Task objective =>
From the line containing "Современная кровать Manifesto" to the line containing "Skarbonka zamykana jest" in the records below, set down every line exactly as it stands, both ends included, and skip the pictures.

Data =>
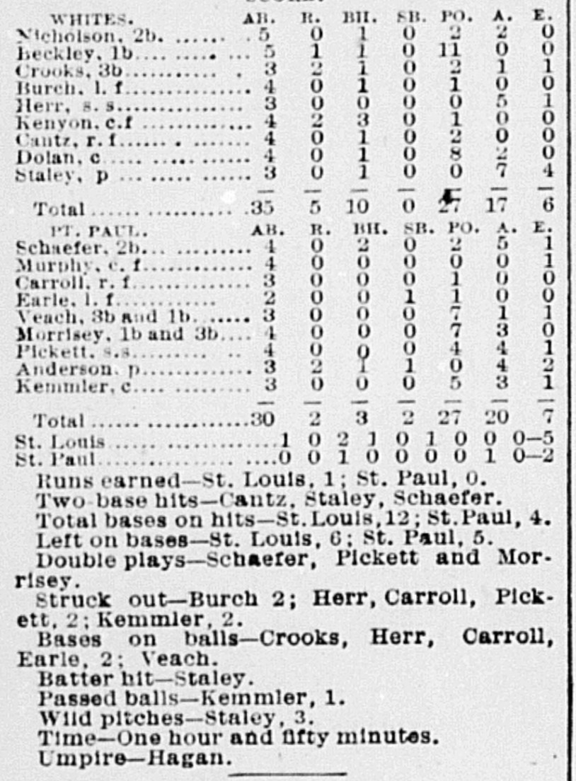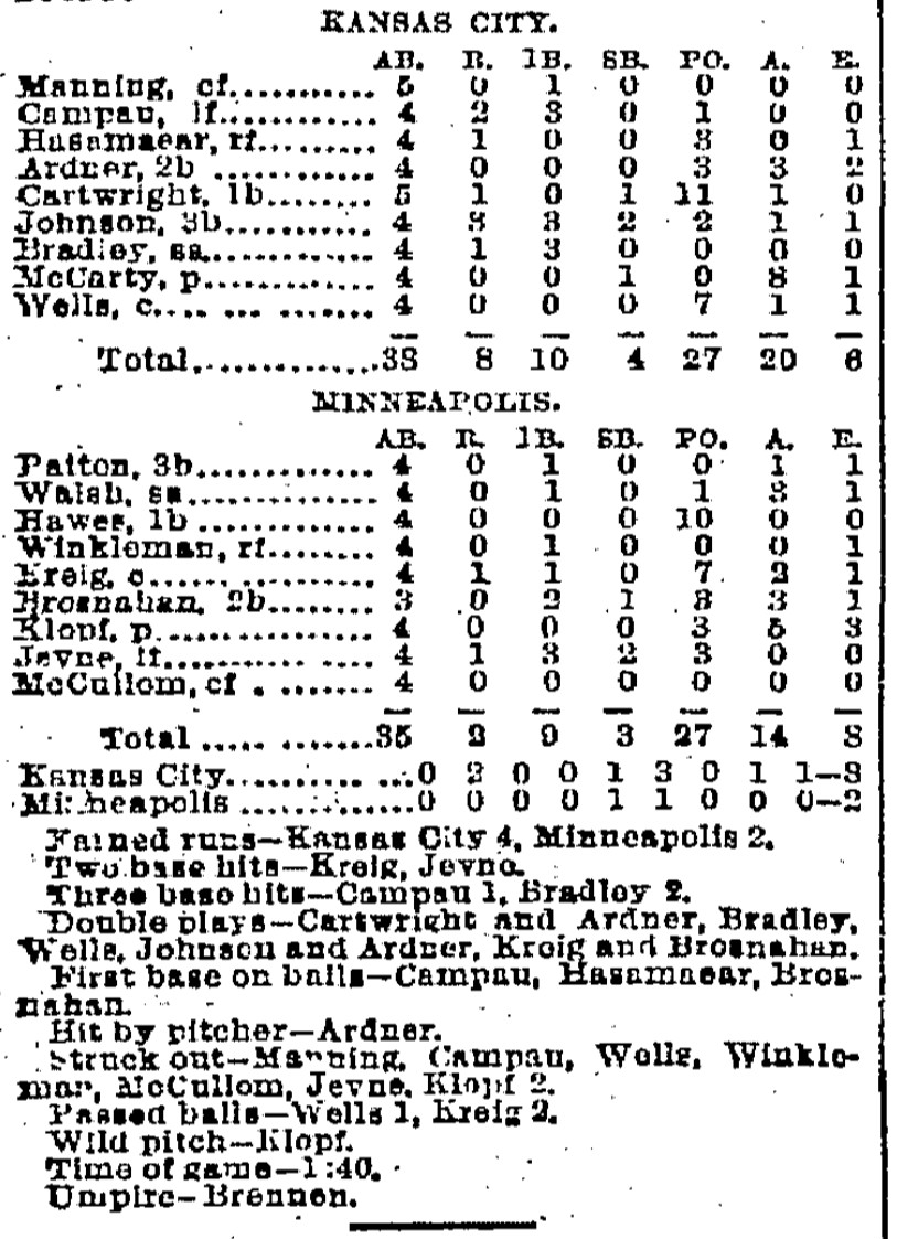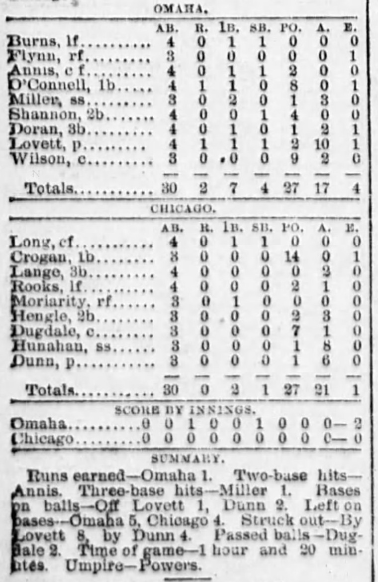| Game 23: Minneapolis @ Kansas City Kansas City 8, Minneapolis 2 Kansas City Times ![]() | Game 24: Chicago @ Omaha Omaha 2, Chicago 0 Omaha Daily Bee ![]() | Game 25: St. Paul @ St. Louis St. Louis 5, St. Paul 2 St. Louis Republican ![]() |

...

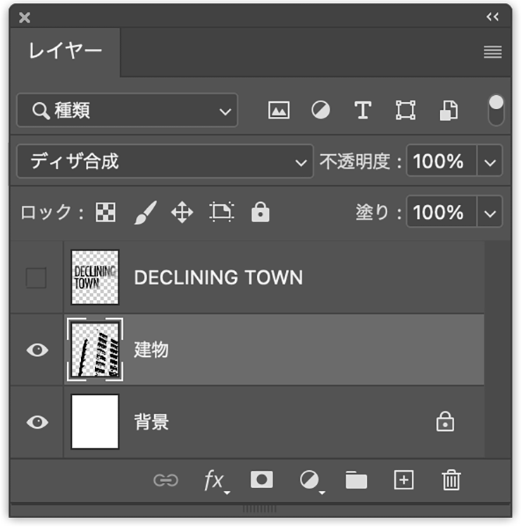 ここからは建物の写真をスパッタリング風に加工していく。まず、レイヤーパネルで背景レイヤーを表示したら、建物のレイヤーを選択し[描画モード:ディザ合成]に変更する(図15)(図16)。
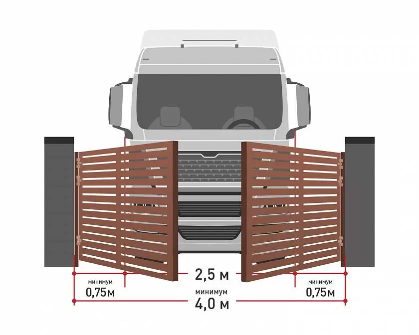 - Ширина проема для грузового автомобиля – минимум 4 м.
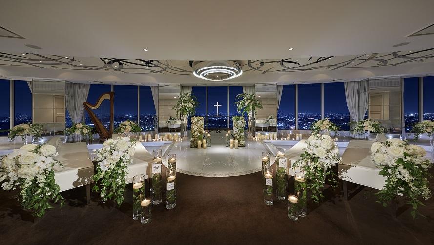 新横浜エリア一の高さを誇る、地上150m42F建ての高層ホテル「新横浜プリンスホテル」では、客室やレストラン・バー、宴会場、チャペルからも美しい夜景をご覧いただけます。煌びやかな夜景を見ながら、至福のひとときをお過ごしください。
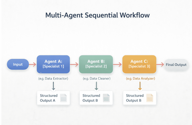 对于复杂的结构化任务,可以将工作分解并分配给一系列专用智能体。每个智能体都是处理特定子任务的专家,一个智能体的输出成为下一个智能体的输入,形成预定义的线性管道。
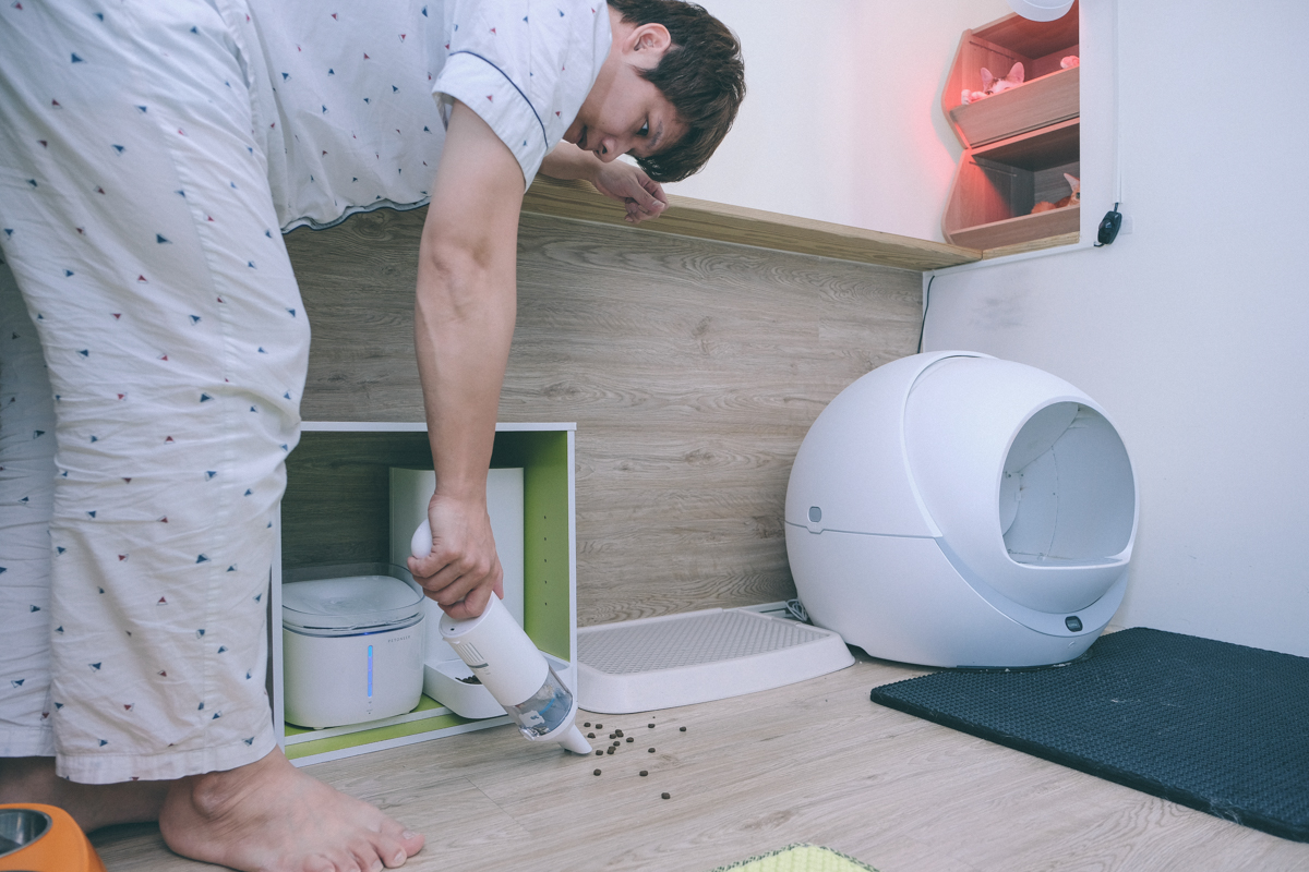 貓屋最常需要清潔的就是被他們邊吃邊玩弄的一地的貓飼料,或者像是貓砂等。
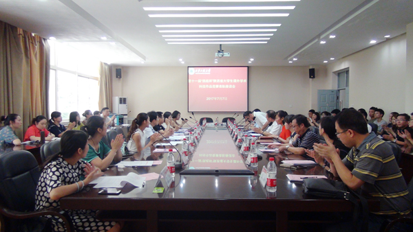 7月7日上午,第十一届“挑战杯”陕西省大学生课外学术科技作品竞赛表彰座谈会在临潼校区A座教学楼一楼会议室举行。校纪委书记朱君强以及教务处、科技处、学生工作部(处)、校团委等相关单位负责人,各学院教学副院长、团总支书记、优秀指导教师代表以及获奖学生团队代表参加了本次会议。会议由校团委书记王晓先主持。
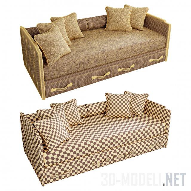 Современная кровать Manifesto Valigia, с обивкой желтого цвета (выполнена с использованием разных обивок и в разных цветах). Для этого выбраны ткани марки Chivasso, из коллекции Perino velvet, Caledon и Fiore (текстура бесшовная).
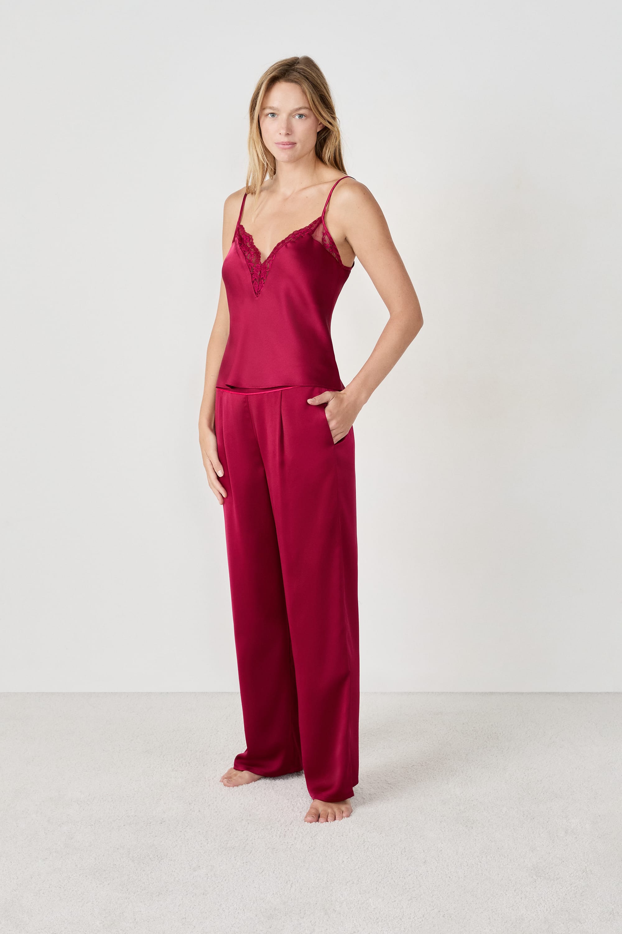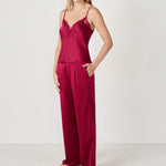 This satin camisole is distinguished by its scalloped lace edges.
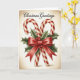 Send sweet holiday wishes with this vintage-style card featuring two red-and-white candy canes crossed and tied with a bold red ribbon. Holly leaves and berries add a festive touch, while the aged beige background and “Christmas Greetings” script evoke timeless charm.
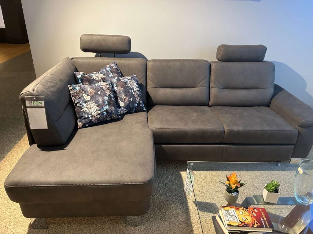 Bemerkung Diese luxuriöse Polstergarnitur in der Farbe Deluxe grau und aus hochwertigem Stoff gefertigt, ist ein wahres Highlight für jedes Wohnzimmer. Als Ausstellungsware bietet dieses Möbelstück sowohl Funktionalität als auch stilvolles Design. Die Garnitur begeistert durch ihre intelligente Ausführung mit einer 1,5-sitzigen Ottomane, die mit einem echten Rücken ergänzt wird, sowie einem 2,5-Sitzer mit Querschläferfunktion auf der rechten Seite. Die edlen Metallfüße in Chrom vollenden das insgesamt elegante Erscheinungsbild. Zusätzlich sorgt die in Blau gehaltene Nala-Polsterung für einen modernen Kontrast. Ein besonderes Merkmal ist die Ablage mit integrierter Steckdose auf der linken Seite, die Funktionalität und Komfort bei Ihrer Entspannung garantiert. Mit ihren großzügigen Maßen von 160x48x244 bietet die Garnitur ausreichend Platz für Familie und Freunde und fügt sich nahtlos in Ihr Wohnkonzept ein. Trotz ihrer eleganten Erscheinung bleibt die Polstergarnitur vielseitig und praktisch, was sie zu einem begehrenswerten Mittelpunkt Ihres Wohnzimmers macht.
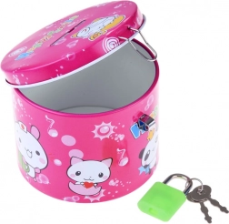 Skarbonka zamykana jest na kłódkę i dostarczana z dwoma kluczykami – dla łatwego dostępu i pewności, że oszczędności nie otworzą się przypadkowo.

Written solution =>
 Современная кровать Manifesto Valigia, с обивкой желтого цвета (выполнена с использованием разных обивок и в разных цветах). Для этого выбраны ткани марки Chivasso, из коллекции Perino velvet, Caledon и Fiore (текстура бесшовная).
 This satin camisole is distinguished by its scalloped lace edges.
 Send sweet holiday wishes with this vintage-style card featuring two red-and-white candy canes crossed and tied with a bold red ribbon. Holly leaves and berries add a festive touch, while the aged beige background and “Christmas Greetings” script evoke timeless charm.
 Bemerkung Diese luxuriöse Polstergarnitur in der Farbe Deluxe grau und aus hochwertigem Stoff gefertigt, ist ein wahres Highlight für jedes Wohnzimmer. Als Ausstellungsware bietet dieses Möbelstück sowohl Funktionalität als auch stilvolles Design. Die Garnitur begeistert durch ihre intelligente Ausführung mit einer 1,5-sitzigen Ottomane, die mit einem echten Rücken ergänzt wird, sowie einem 2,5-Sitzer mit Querschläferfunktion auf der rechten Seite. Die edlen Metallfüße in Chrom vollenden das insgesamt elegante Erscheinungsbild. Zusätzlich sorgt die in Blau gehaltene Nala-Polsterung für einen modernen Kontrast. Ein besonderes Merkmal ist die Ablage mit integrierter Steckdose auf der linken Seite, die Funktionalität und Komfort bei Ihrer Entspannung garantiert. Mit ihren großzügigen Maßen von 160x48x244 bietet die Garnitur ausreichend Platz für Familie und Freunde und fügt sich nahtlos in Ihr Wohnkonzept ein. Trotz ihrer eleganten Erscheinung bleibt die Polstergarnitur vielseitig und praktisch, was sie zu einem begehrenswerten Mittelpunkt Ihres Wohnzimmers macht.
 Skarbonka zamykana jest na kłódkę i dostarczana z dwoma kluczykami – dla łatwego dostępu i pewności, że oszczędności nie otworzą się przypadkowo.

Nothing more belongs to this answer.